(SUPPLIED MATERIAL begins)

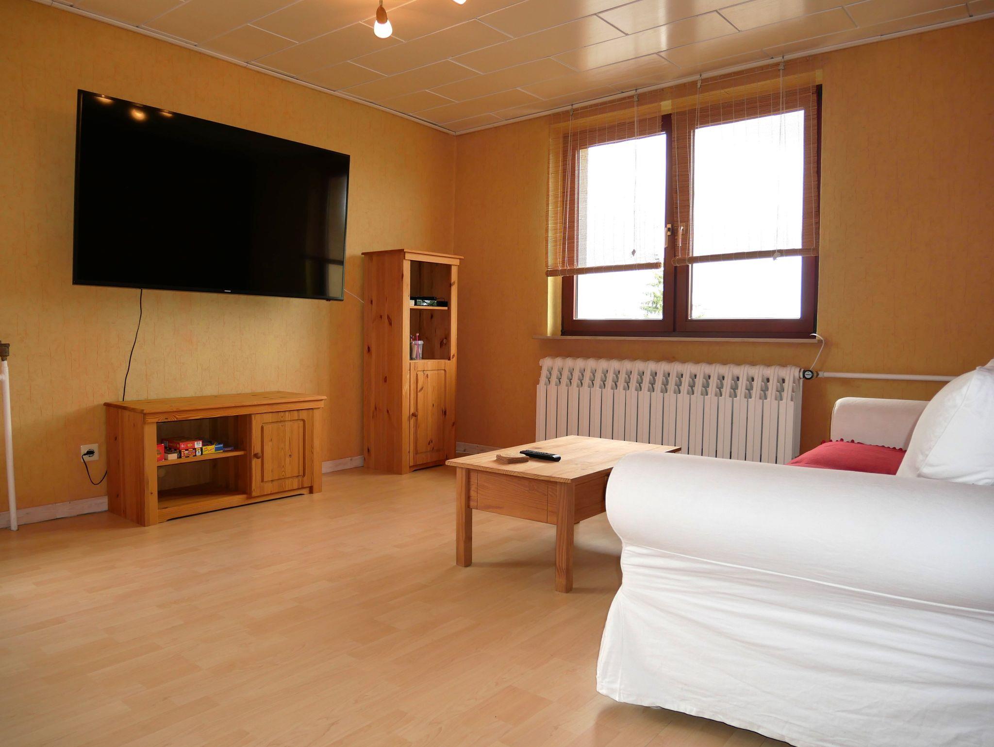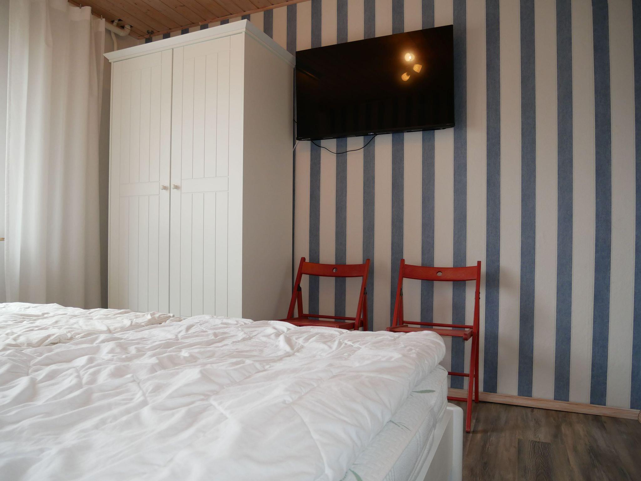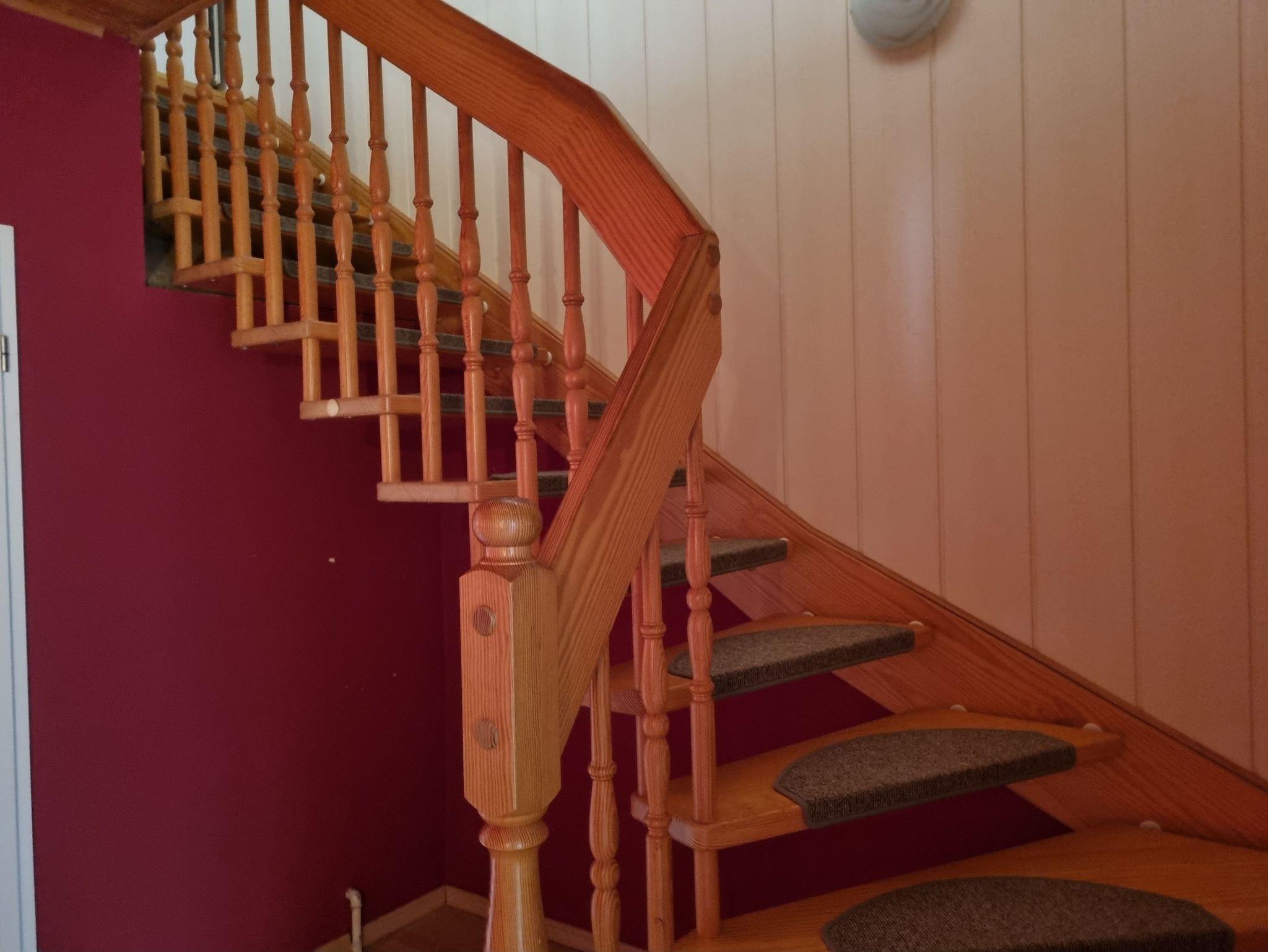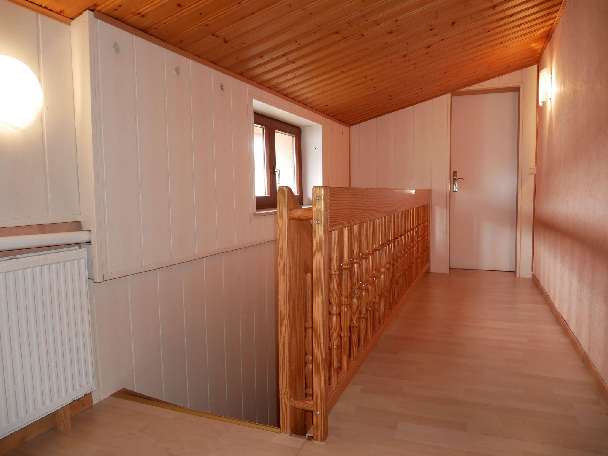Über eine Treppe gelangen Sie ins Obergeschoß, wo sich ein 30 qm großes Wohnzimmer mit gemütlicher Couch und großem Flat-TV befindet. Das zweite Schlafzimmer im Obergeschoß ist ebenfalls mit einem Doppelbett, Kleiderschrank und einem kleinen Nebenraum mit Einzelbett, Tisch und zusätzlichem Kleiderschrank ausgestattet ? dieser Raum ist offen, nicht durch eine Tür getrennt. Das dritte Schlafzimmer bietet ein Einzelbett, das nur 1,80 m lang ist und ein Kleiderschrank. Das Badezimmer im Obergeschoß verfügt über eine Toilette und Waschbecken.
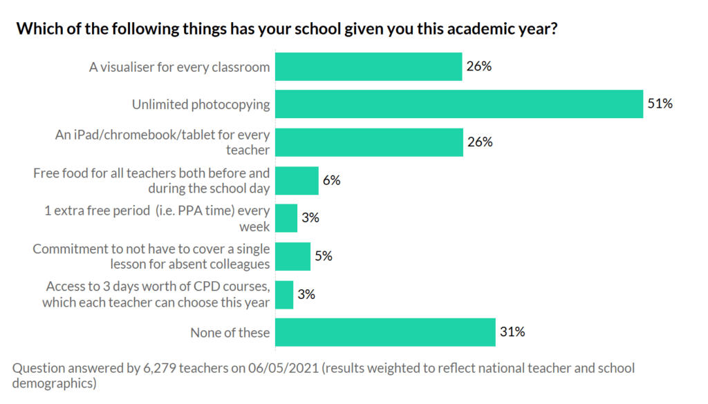 Almost 1 in 3 teachers said they didn’t get any of these perks this academic year. And many were shocked to see other teachers on social media saying they’d clicked many of the boxes – particularly the visualisers, iPad and photocopying boxes.
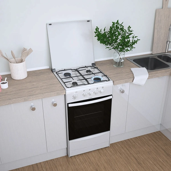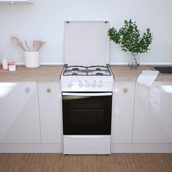 Над рабочим столом плиты установлена эмалированная крышка, предотвращающая попадание жира на фартук кухонного гарнитура.

(SUPPLIED MATERIAL ends)

▶ **WHAT THE TASK ASKS**
Write out all the data exactly, minus pictures.

▶ **ANSWER TO THIS TASK**
Über eine Treppe gelangen Sie ins Obergeschoß, wo sich ein 30 qm großes Wohnzimmer mit gemütlicher Couch und großem Flat-TV befindet. Das zweite Schlafzimmer im Obergeschoß ist ebenfalls mit einem Doppelbett, Kleiderschrank und einem kleinen Nebenraum mit Einzelbett, Tisch und zusätzlichem Kleiderschrank ausgestattet ? dieser Raum ist offen, nicht durch eine Tür getrennt. Das dritte Schlafzimmer bietet ein Einzelbett, das nur 1,80 m lang ist und ein Kleiderschrank. Das Badezimmer im Obergeschoß verfügt über eine Toilette und Waschbecken.
 Almost 1 in 3 teachers said they didn’t get any of these perks this academic year. And many were shocked to see other teachers on social media saying they’d clicked many of the boxes – particularly the visualisers, iPad and photocopying boxes.
 Над рабочим столом плиты установлена эмалированная крышка, предотвращающая попадание жира на фартук кухонного гарнитура.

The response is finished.